We spend our lives obsessed with counting. We are either counting the days and years for a negative experience to end or counting the days towards a perceived positive and pleasurable experience: Shabbat, our yearly vacation, the kids coming home, or a visit from relatives. We count our money, years, successes, and failures. We constantly count almost everything.

Now we count the days of the Omer as the Torah states: “And you shall count unto you from the day after Shabbat (Pesach) from the day that you brought the sheaf of the waving; seven complete weeks they shall be; until the day after the seventh week shall you number fifty days; and you shall present a new meal-offering unto the LORD.”

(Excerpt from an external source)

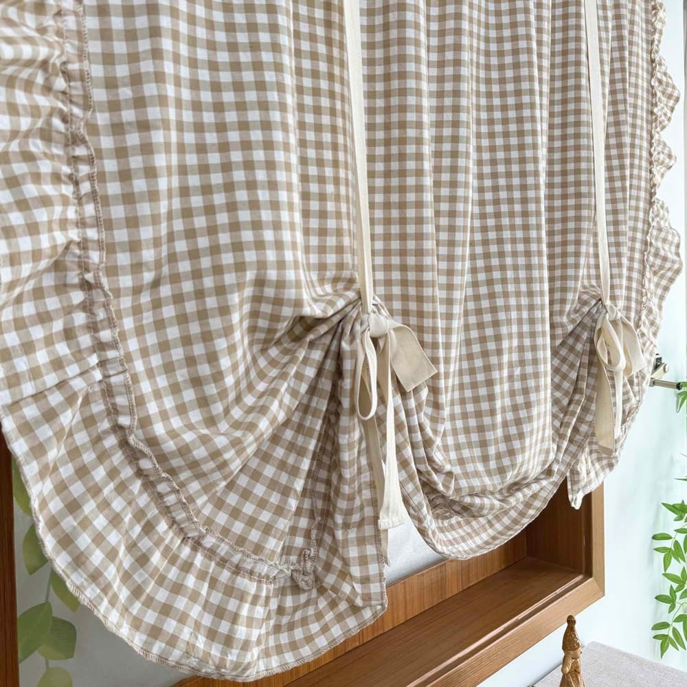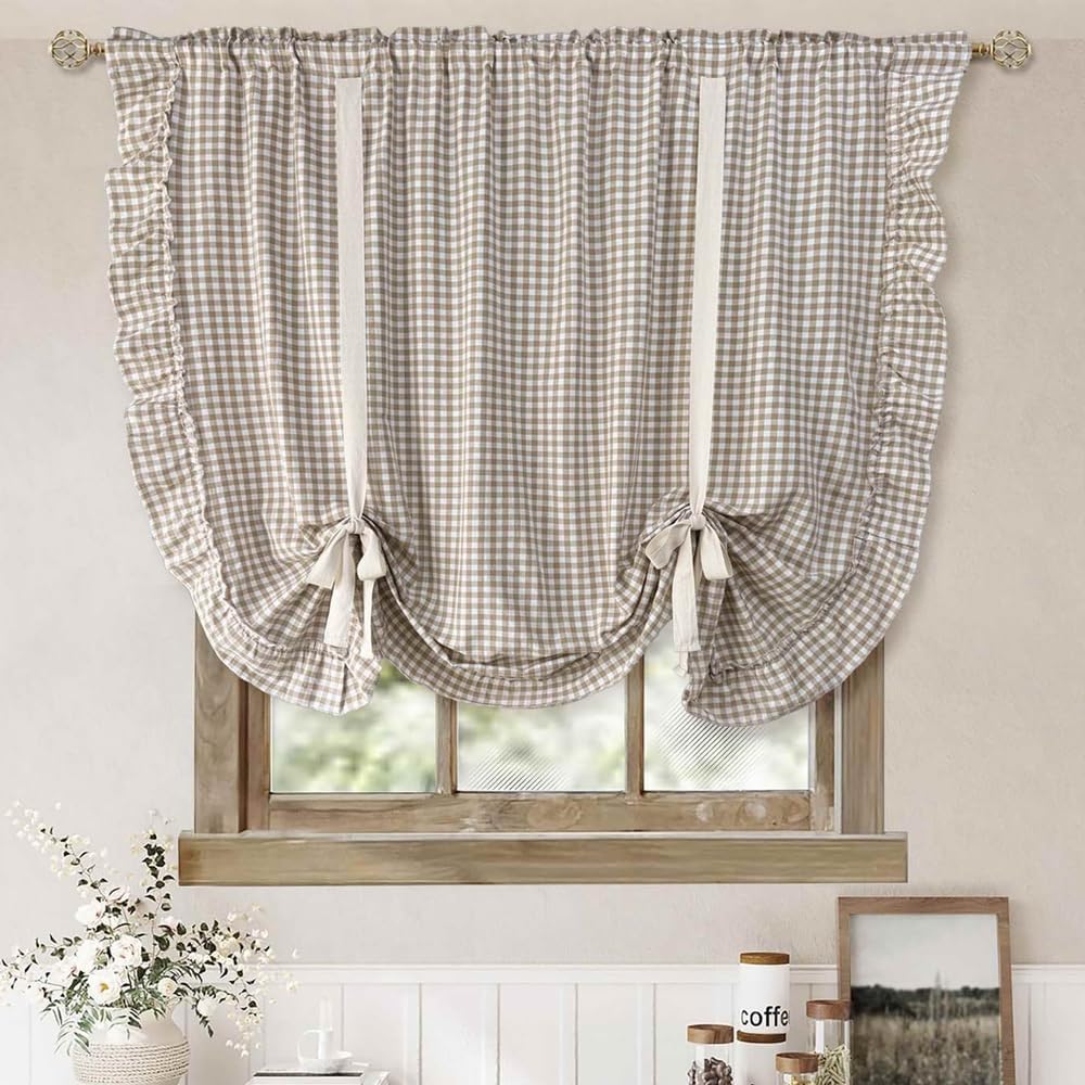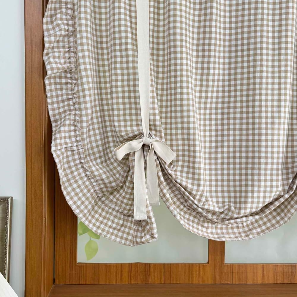 Add a touch of farmhouse charm to your windows with this delightful buffalo check tie-up balloon curtain. The classic light brown and white gingham pattern creates a warm, inviting atmosphere while maintaining a light and airy feel.

There seems to be a contradiction in the verses here. First, the Torah instructs us to count seven complete weeks, which is 49 days. Then, the Torah states “You shall count 50 days”.

The great 19th and early 20th century scholar Rabbi Meir Simcha Hakohen of Dvinsk provides the following solution to this problem in his Book Meshech Chochmah: The purpose of counting something in Torah thought is to make it unique, to give it meaning, and to make it count. The first 49 days in and of themselves are no different to any other 49 days. Therefore, in order to make them unique, we have to verbally count them and place them in the context of the Omer offering and our process of growth towards receiving Torah on Shavuot. Shavuot, on the other hand, is a unique day in and of itself, it is a Yom Tov with unique Temple Offerings and Prayers. Effectively, we are counting the fiftieth day even without verbally doing so. What we do on the day of Shavuot makes it special, makes it unique, makes it count. The other days have no special offerings and, so, must be counted to emphasize their meaning and significance.

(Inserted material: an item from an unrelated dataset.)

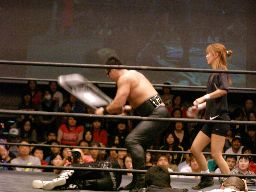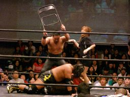 高木がイス攻撃(左写真)。MIKAMIがヒジを押さえてうめく。

Friends, I believe herein lies a fundamental practical lesson for our lives. You see, the counting we are constantly obsessed with, counting the days and years for a negative experience to end, or counting the days towards a perceived positive and pleasurable experience is largely inconsistent with the Torah’s idea of counting. The Torah’s idea of counting is not to hanker over the past and anticipate the future, but rather to fill each day with importance and meaning.

The western concept is one of counting days, the Torah concept, on the other hand, is one of making days count.